小时候,总觉得读书是件苦差事,是白纸黑字堆砌的围墙。直到那个百无聊赖的下午,我蜷在外婆的藤椅里,随手翻开一本旧书。阳光透过窗棂,灰尘在光柱里跳舞,就在那一缕暖意中,我跌进了《城南旧事》的胡同。英子的眼睛,成了我的眼睛。我听见骆驼队清脆的铃铛,看见冬日暖阳下冰糖葫芦的亮光,也懵懂地触碰着成人世界的悲欢离合。合上书时,夕阳已把墙壁染成橘黄,心里却像被一场细雨洗过,又满又静。那是我第一次知道,书页不是围墙,是任意门。一翻开,人就跟着走了,走到从未去过的时间和地方,走进另一个人生命的肌理里。墨香,原来是启程的味道。
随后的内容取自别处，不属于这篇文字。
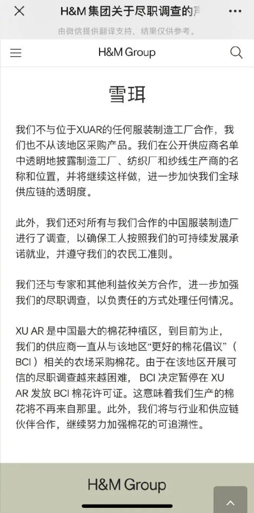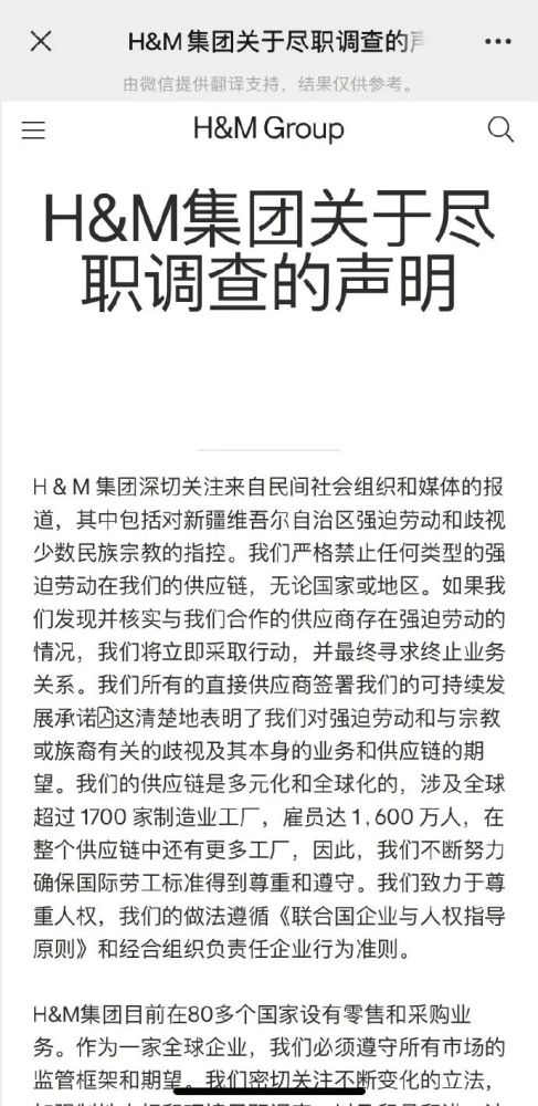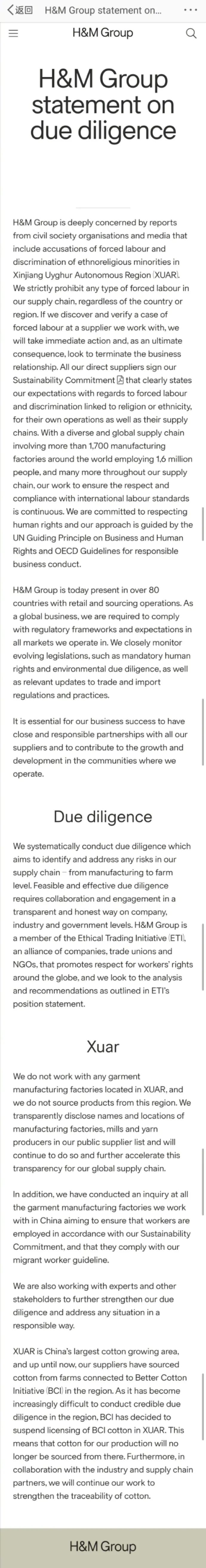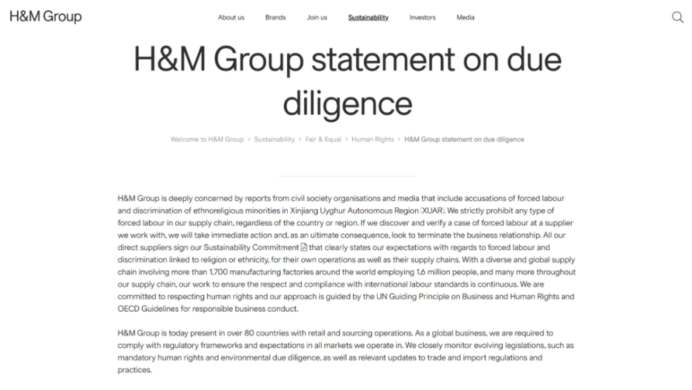 H&M集團,在網(wǎng)站發(fā)布的一份聲明《H&M Group statement on due diligence》引發(fā)關(guān)注。

后来,远足的路越走越远,越走越深。读《活着》,像是跟着福贵在烈日与黄土里踉跄走了一生,看着他身边的人一个个离去,最后只剩一头老牛相伴。心里堵得发慌,却没有眼泪,只有无尽的茫然和对生命韧性的敬畏。那不只是一个人的苦难史,那是土地沉默的呼吸。读《红楼梦》,则像走进一座繁华又精致的大观园,看那些鲜活的灵魂在命运的薄冰上起舞,听青春与理想的碎裂声,最后“白茫茫大地真干净”的虚空,让年少的我初尝了繁华幻灭的滋味。每本书都是一次陌生的投胎,你在别人的悲喜里活一遍,再回到自己的生活时,眼神里就多了一点不一样的底色。这远足,不费脚力,却最耗心神。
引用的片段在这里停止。